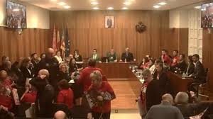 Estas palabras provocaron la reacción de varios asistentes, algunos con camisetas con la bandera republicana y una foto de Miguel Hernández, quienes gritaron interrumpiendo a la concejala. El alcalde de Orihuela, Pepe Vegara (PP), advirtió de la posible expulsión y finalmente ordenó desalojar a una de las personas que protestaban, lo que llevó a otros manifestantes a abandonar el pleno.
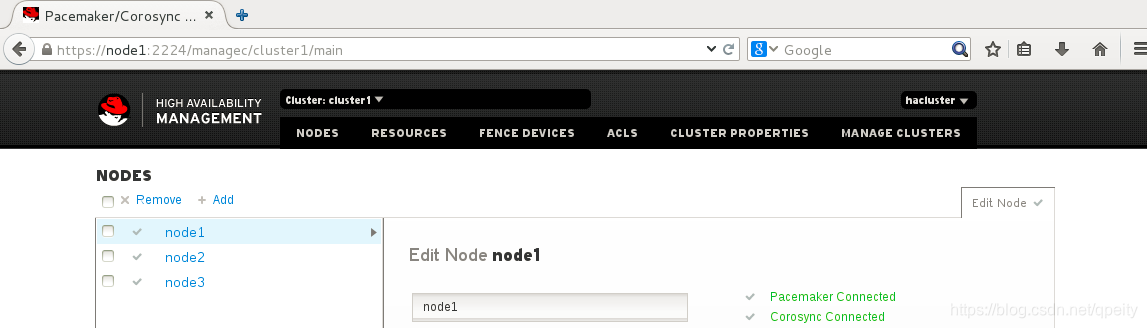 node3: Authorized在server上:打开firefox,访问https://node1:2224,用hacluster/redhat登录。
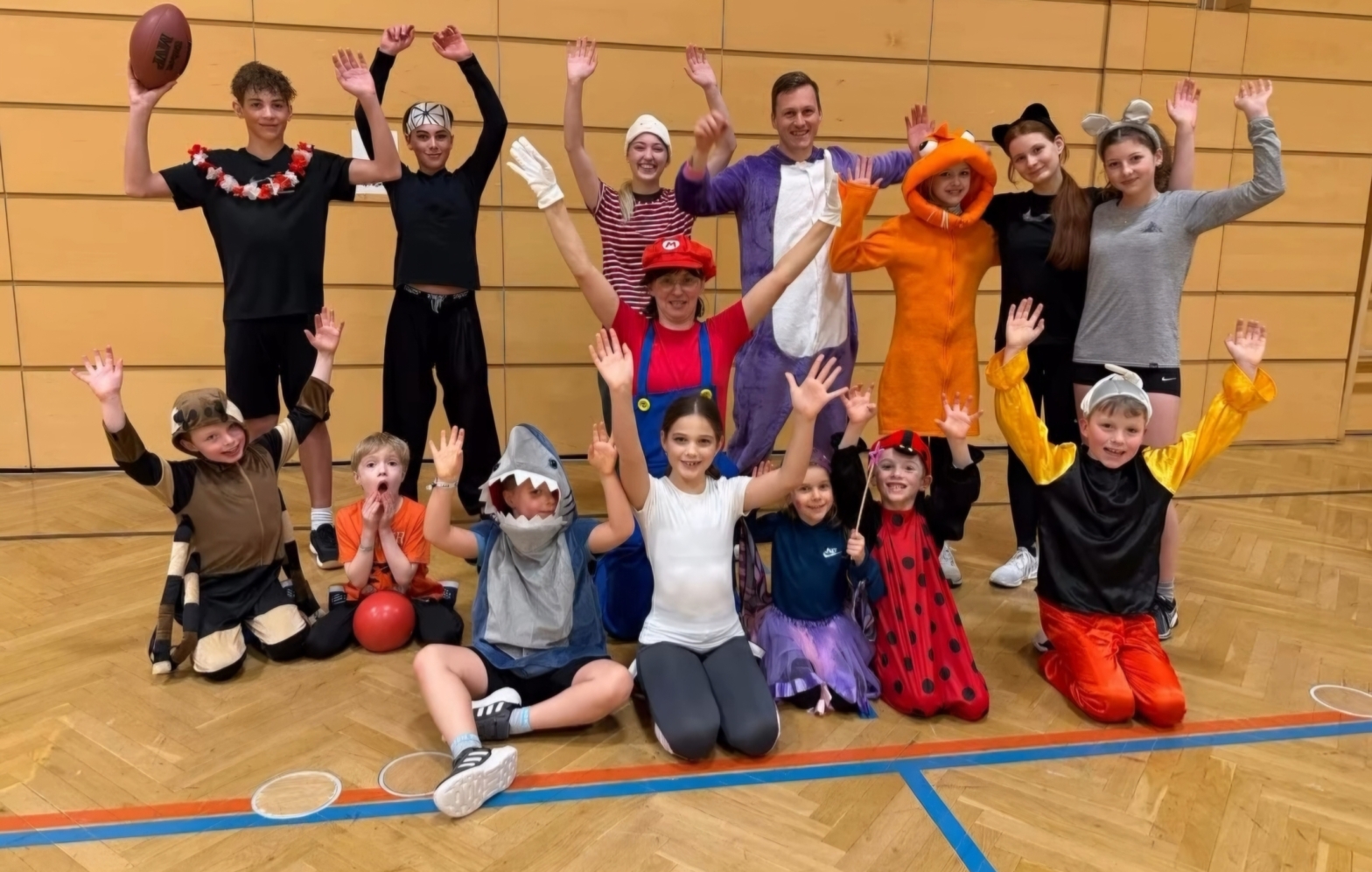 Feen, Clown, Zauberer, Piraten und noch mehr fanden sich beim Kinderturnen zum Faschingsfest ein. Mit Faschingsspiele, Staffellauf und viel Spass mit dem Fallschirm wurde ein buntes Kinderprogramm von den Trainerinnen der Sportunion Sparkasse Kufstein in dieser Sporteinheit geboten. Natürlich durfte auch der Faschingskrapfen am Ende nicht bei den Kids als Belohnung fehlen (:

WHAT IS BEING ASKED:
Everything from the line with "node3: Authori" through the last line above should be reproduced exactly, both ends included; pictures must be omitted.

RESULT OF THE TASK:
 node3: Authorized在server上:打开firefox,访问https://node1:2224,用hacluster/redhat登录。
 Feen, Clown, Zauberer, Piraten und noch mehr fanden sich beim Kinderturnen zum Faschingsfest ein. Mit Faschingsspiele, Staffellauf und viel Spass mit dem Fallschirm wurde ein buntes Kinderprogramm von den Trainerinnen der Sportunion Sparkasse Kufstein in dieser Sporteinheit geboten. Natürlich durfte auch der Faschingskrapfen am Ende nicht bei den Kids als Belohnung fehlen (:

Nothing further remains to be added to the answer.